I’ve wanted an illuminated clock on my living room wall for the longest time. I’d hoped to buy it at a local store, but they didn’t have what I was looking for.

After at least a year of looking, it finally hit me that I could probably find something on eBay. So I went there and I found the clock that you see in the picture. It wasn’t exactly what I was looking for, but it fit all the qualifications of things I wanted in the clock and I bought it. I thought it was a pretty good price also.

It wasn’t until the clock showed up at my house and I put it on the wall before it occurred to me that maybe I could have found it in some other places. Amazon came to mind, and even though I’m quasi boycotting them, I decided to do a search there. I was amazed at how many illuminated clocks they had, and how many different styles there were. Not only that, but I found the exact clock I have now for $10 less. Boy did I feel like a chump!

I like to think I’m a pretty good shopper when it comes to things I want. I don’t worry so much about paying more for an item offline if I can have it “now”, because I’m one of those instant gratification people. However, if I’m buying online I usually shoot for the lowest price of something if I find exactly what I want.

In this case I totally failed at shopping. I love the clock I have and it’s staying on my wall, but it’s interesting to think of which of those other clocks I found that I’d have bought before buying this one.

It made me think back to my general rules of shopping, which I didn’t follow this time around. I’m going to share those with you now, because it may help you make better decisions than what I just did. By the way, these suggestions are both offline and online; some of the rules differ based on who you’re buying from.

1. Always try at least 3 sources until you get comfortable with one

Years ago my insurance changed, which meant I had to pay for my diabetic medications and supplies out of pocket. I always bought everything from the grocery store my house borders on, but I wasn’t sure I’d get the best price.

I wrote down what I needed, then I picked up the phone and started calling. My neighbor store was the lowest price already for one of my pharmaceuticals but pricey on the other two. I called another grocery store pharmacy about 10 minutes away and found that I could get syringes for free; that was quite a shock! I called the closest pharmacy, but they couldn’t match any of the other prices.

On a fluke I decided to call Walmart. Turns out that not only were a couple of supplies I needed drastically lower in cost, but insulin was also very inexpensive, $24.50 a vial instead of $720 for a pack of pins; wow!

The same should go for buying online. In this case the parameters are easier to check out. Go to any search engine, put in what you’re looking for and it’ll give you lots of options. Select a couple you’re familiar with and a couple you’re not and verify prices. Don’t forget to verify shipping; sometimes the lowest price comes with the highest shipping price.

2. When shopping offline, consider mileage

If you find a lower price at a store that’s not close, you might not be saving much money, if any at all, by going to the store to buy it. For instance, right not gas is $2.75 a gallon in central New York (where I live) and I get about 18 miles a gallon. If my round trip is about 35 miles, I only save money if the item is more than $6.

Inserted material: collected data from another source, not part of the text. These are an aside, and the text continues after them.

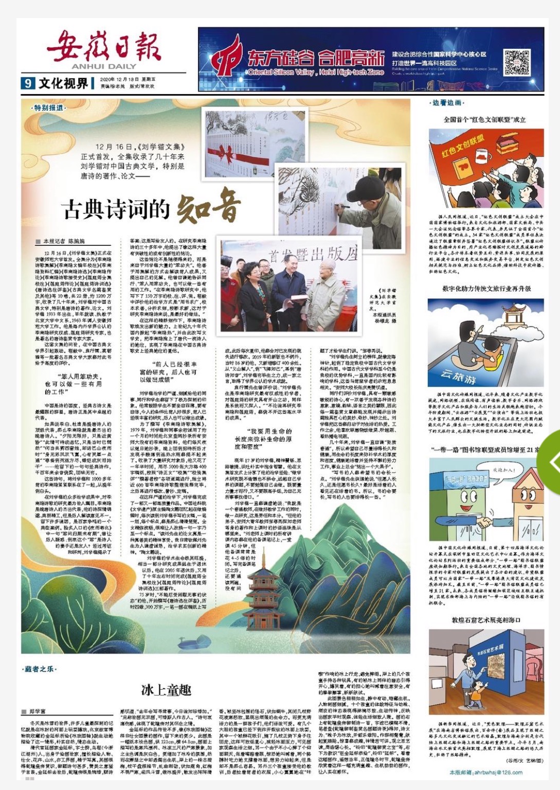 12月18日,《安徽日报》第9版“文化视界”头条以“古典诗词的知音”为题报道我校刘学锴教授。文中引用刘学锴先生在《刘学锴文集》首发暨出版座谈会上的经典语录,从“笨人用笨功夫,也可以做一些有用的工作”“前人已经很丰富的研究,后人也可以做出成绩”“我要用生命的长度来弥补生命的厚度和密度”三个方面,全面深度报道了刘学锴先生的为文、为学、为人、为师之道,并将其赞誉为“古典诗词的知音”。
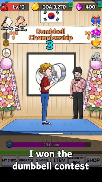 扳手腕无限钻石版中大量钻石的破解可以让大家去自由购买各种所需要的物品和健身设施来提高自己的实力,大量的扳手腕对手正等待着玩家们的挑战。作为一款独具特色的休闲小游戏,扳手腕非常适合大家无聊的时候用来消磨时间,即便是离线状态,人物的实力也会得到缓慢的增长,而在完成一个又一个的扳手腕挑战之后,大家也能够获得扳手腕大王的称号。
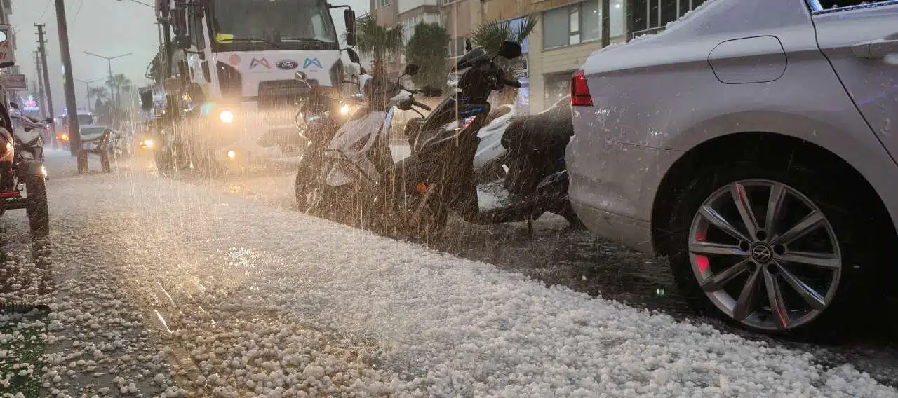 Mersin’in Silifke ilçesinde aniden bastıran şiddetli dolu yağışı hayatı felç etti. Yarım saat süren yağışın ardından cadde ve sokaklar kış ortasında kardan beyaza bürünürken, ekili arazilerde büyük hasar meydana geldi.
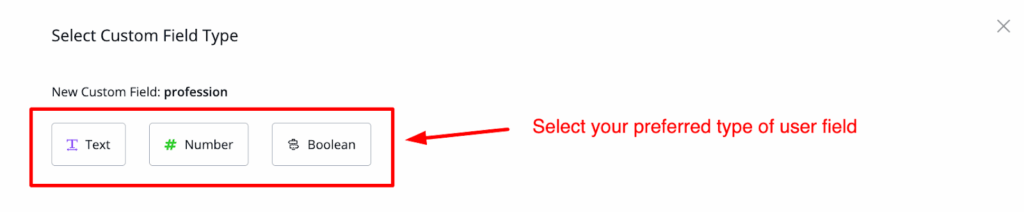 Just name your new user field. The next step is to select what kind of user field you like to create. Currently, we have the following available for you:
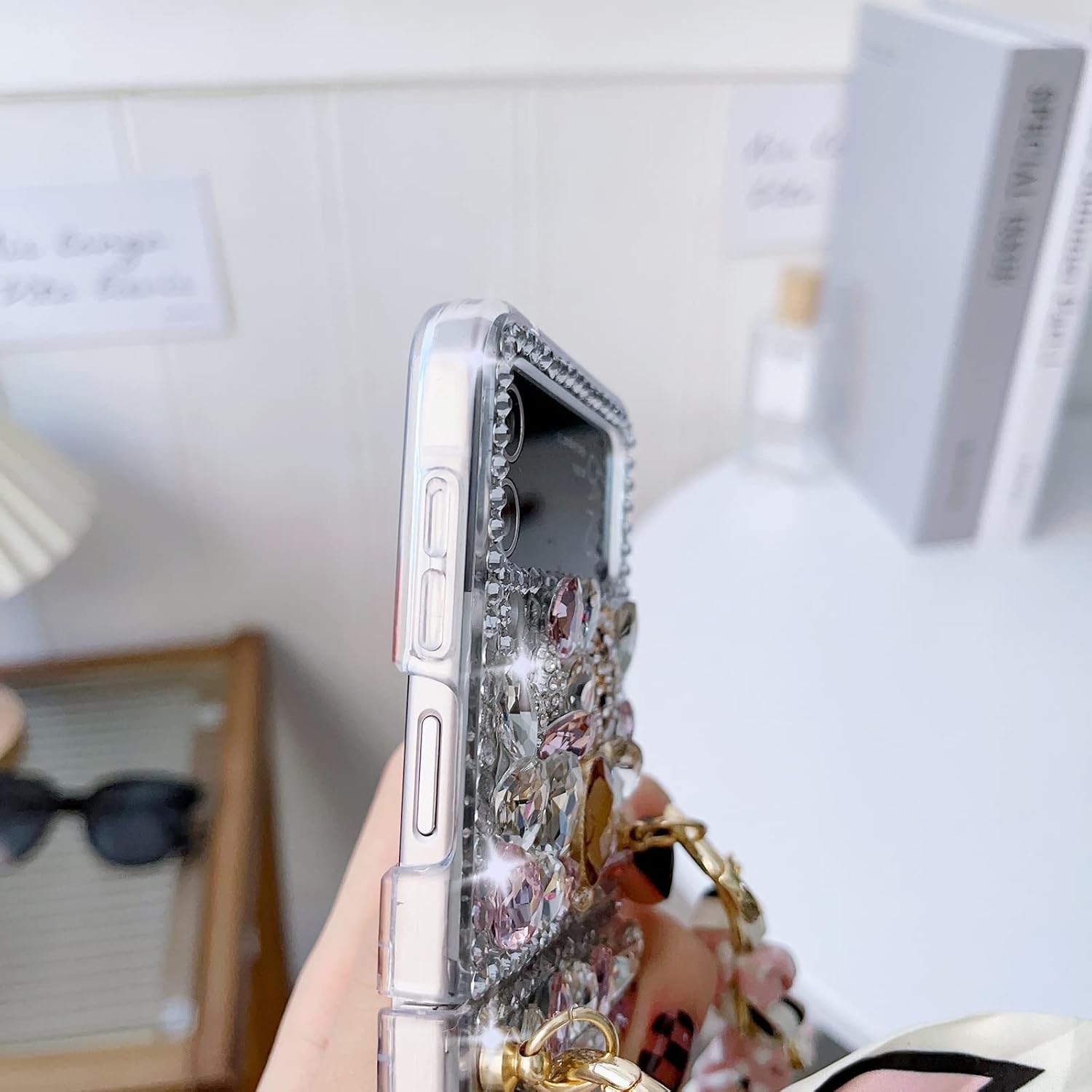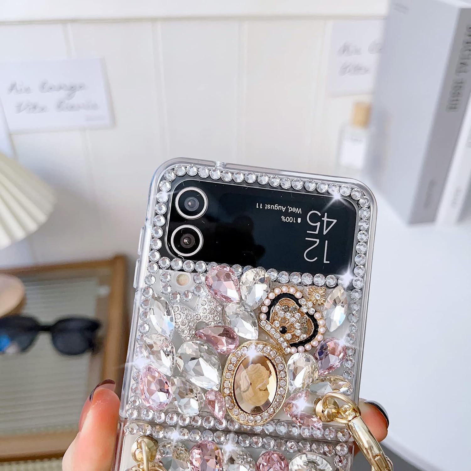 - [Cute Case for Samsung Galaxy Z Flip 4] New designed luxury bling crystal diamond with strap only compatible with Samsung Galaxy Z Flip 4 5G. Please make sure your phone model is Samsung Galaxy Z Flip 4 before buying. If you have bought it by mistake, please contact the Amazon customer service team for help. Any other issues please feel free to write to us at the first time. We will fix it for you with 24 hours.

However, I don’t save much money and I lose time that I could have been spending doing something else. So if you’re buying local, decide how bad you need or want it versus how much money you’re actually saving and time you might be wasting.

3. Always verify costs rather than price

When you’re buying volume products that have multiple items, you’ll find that the lowest price isn’t always the best deal. Tissue is a good one to look at. The store I share a border with sells Puffs tissue at $6.99 for 6 boxes. BJ’s Warehouse sells 10 boxes for $9.99.

At first glance, it looks like the lower price is the best deal… but it’s not. The Puffs brand the store sells has 124 tissues in each box, whereas the Puffs brand BJ’s sells has 180 tissues in each box. When you do the math, it equates to the store brand coming in at $34.95 for 30 boxes as opposed to $29.97 for 30 boxes at BJ’s. The stores make it easier for you to see; they always share the cost of items you’re purchasing, which should always be your determining factor.

4. Sometimes you have to pay more for quality

I have a Fitbit Flex, which is an older model. The bands normally average 6 months of use before they break down, so I’m always replacing bands. I also love the color red, which is hard to find.

I can pay $14 for a red band at most places. On eBay, I can pay $3.99 per red band; sounds like a no-brainer, right? Except… the band is coming from China, which is problematic in two ways.

The first is the quality of the material they’re using to make the bands. It’s very stiff, which means they break sooner. I bought 5 bands because of the price, and not one of them lasted longer than 2 months; one only lasted a week.

The second is how long it took to get the items. Most things you buy online you’ll have within a week; it took 6 weeks to get my bands from China, and some items will take longer.

In both cases I lost time and money. I want what I want but I also want something that’ll last longer. It’s something you have to consider when you’re purchasing something you want rather than what you need.

Those are my four general lessons on shopping. If you have other ideas, please share!